Диана говорила едва слышно, будто во сне, она вся растворилась в своих ощущениях: щека Денби, прижавшаяся к ее щеке, его правая рука, которая лежала у нее на спине, мягко, легко и уверенно направляя ее в танце.
Диана сама не знала, как и почему она оказалась здесь, в танцевальном зале с Денби. Он позвонил. У нее возникло вдруг чувство фатальной неотвратимости их встречи, ее охватило властное, острое и отчетливое желание, чтобы уверенное, как у музыканта, прикосновение пальцев Денби к ее спине повторилось снова. Все было очень необычно. Столько лет прошло в ожидании детей, и лишь недавно она решила, что ждать больше нечего. Чем-то ведь были заполнены эти годы – так чем же? Они были заполнены Майлзом: одиночеством Майлза, неуверенностью Майлза в себе, его нервным истощением, его неспособностью хоть как-то примениться к жизни. Она очень скоро рассталась с честолюбивыми помыслами относительно его карьеры. Но ей хотелось как можно дольше не утратить своего стремления опекать его, согревать ему жизнь. Между тем она немножко кокетничала с друзьями. Она сознавалась себе, что моногамия не в ее натуре, и в то же время хранила верность мужу. Диана замечала, что порой она мечтает о ком-то неведомом, но не о Майлзе.
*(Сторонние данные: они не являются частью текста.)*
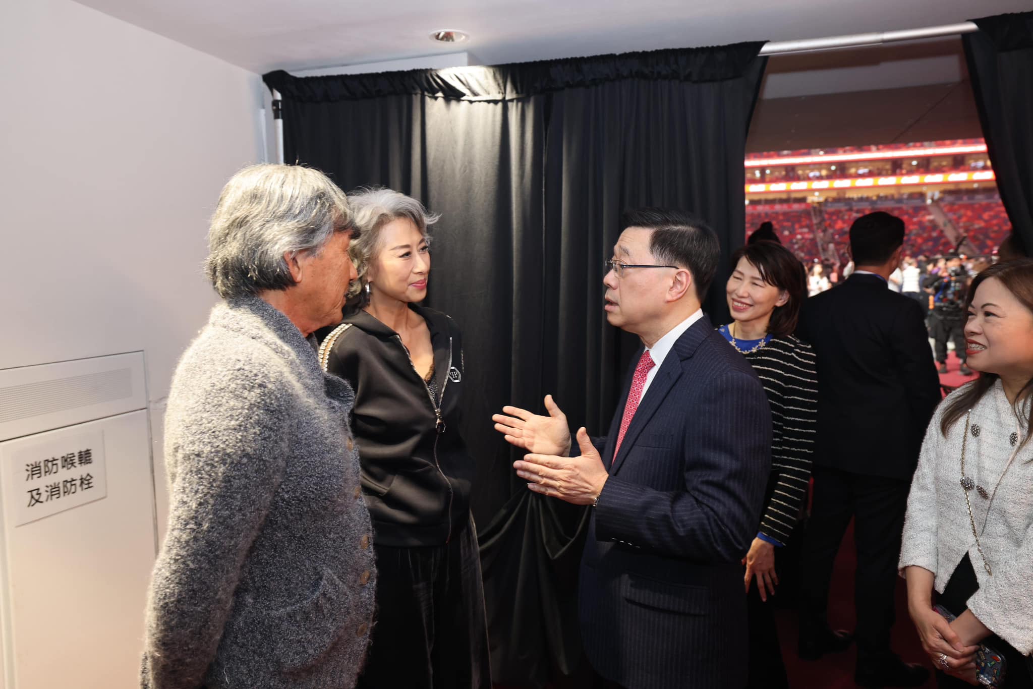 李家超指,開幕典禮前,他分別與多位運動員、歌手、體育和娛樂業界代表進行交流。他們都表示,對啟德體育園這個全港最大型綜合體育及娛樂地標的多元設施充滿期待。這個主場館可容納五萬名觀眾,其草坪系統設計先進靈活,配備東方之珠「幻彩外牆屏幕」和開合天幕,無論天氣如何都能舉辦足球、欖球等大型賽事,亦可搖身一變成萬人合唱的演唱會場館,營造出熱烈壯觀的氛圍。

И в то же время она была всецело поглощена им, постоянно, самозабвенно, страстно. Пуповина ее ранней влюбленности в него не обрывалась никогда. Она по-прежнему считала себя счастливой. Хотя со временем, размышляя вечерами на кухне, она обнаружила, что видит их жизнь уже несколько в другом свете, ощущала необходимость перемен и чувствовала, что начинает скучать.
Она жила своей неистощимой любовью к Майлзу. Еще она жила какой-то другой, воображаемой жизнью, хотя воображение ее не было столь уж неистощимо. Годами она занималась благоустройством дома и все эти годы сама себе позировала. Позировала в гостиной в шелковом вечернем платье, позировала в нейлоновом пеньюаре в спальне. Составляя букет, она изображала леди, составляющую букет. Она часами красилась, сидя дома одна. Майлз терпеть не мог общества, и они почти не знали развлечений. Она была как проститутка, которая проводит время в ожидании мужчины среди безделушек, сопутствующих ремеслу, только мужчина, которого ждала Диана, был ее муж.
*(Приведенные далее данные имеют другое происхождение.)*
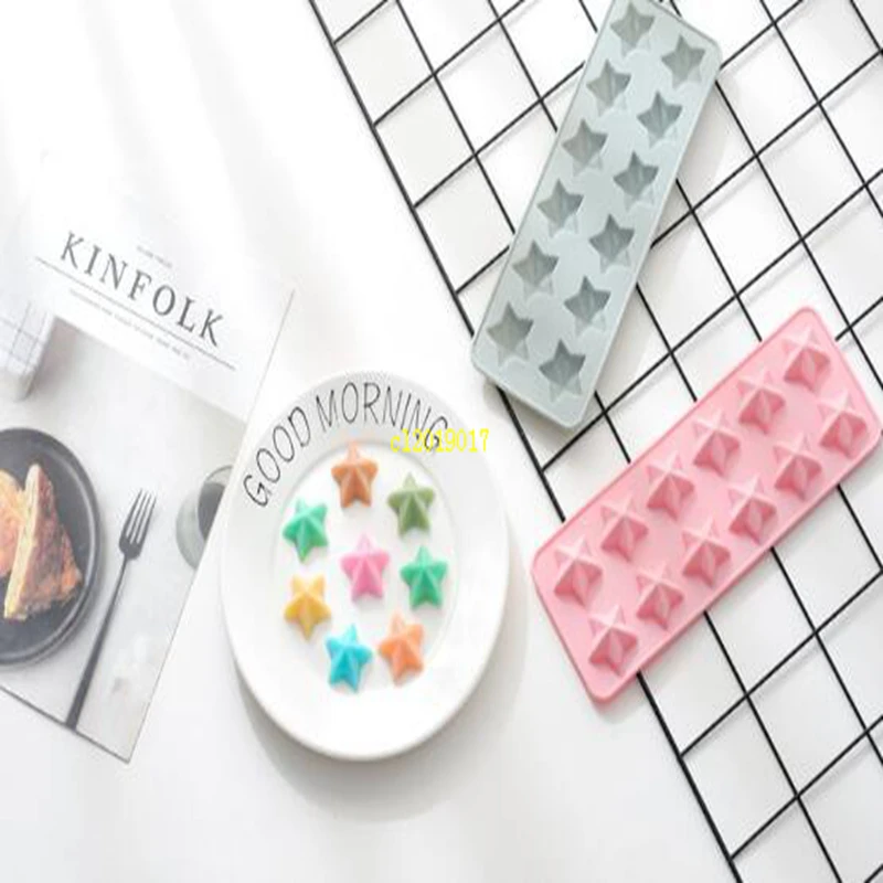 . Творческий 12 отверстиями "пятиконечная звезда" Шоколад силиконовая форма льда для льда Размеры: 25,6*9,3*1,5 см Материал: силикагель Цвет: розовый, синий Примечание: каждый размер продукта грамм вес измеряется вручную, есть определенная погрешность, обратите внимание, тщательно снимается.

Долгие годы она фанатично верила, что для нее было огромным счастьем встретить Майлза. Она и не чаяла заполучить такого незаурядного, аристократического мужа. Ее бы устроила и гораздо более скромная партия. Отец Дианы умер, но она по-прежнему навещала мать в родительском доме; она была ласкова со старушкой, хотя с удовлетворением отмечала, какая пропасть между жизнью матери и ее собственной. Майлз, не помышляя о том, перетащил ее через эту пропасть. И она принялась создавать красивый, элегантный дом, где они сживались годами, как два зверька, уже неотделимые друг от друга.
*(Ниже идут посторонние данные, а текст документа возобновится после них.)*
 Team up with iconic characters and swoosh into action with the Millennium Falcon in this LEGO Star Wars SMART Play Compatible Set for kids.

Уяснив себе, что она теперь для Майлза вторая самая любимая, Диана лучше осмыслила свою роль любящей женщины, завоевавшей ответное чувство. Мысли о Парвати не угнетали ее, наоборот. Диана увлеклась этой своей ролью – ролью исцелительницы: она не героиня, заточенная в замке, нет, она таинственная дева у родника, исцеляющая странствующего рыцаря от ран, которые не залечишь никакими снадобьями. Ролью тем более благодарной, что незабвенная героиня из замка давным-давно умерла, милосердно сойдя со сцены. Осталась только дева у родника. Неистребимость же памяти о Парвати была гарантией верности мужа. Покойная Парвати счастливо покровительствовала их союзу.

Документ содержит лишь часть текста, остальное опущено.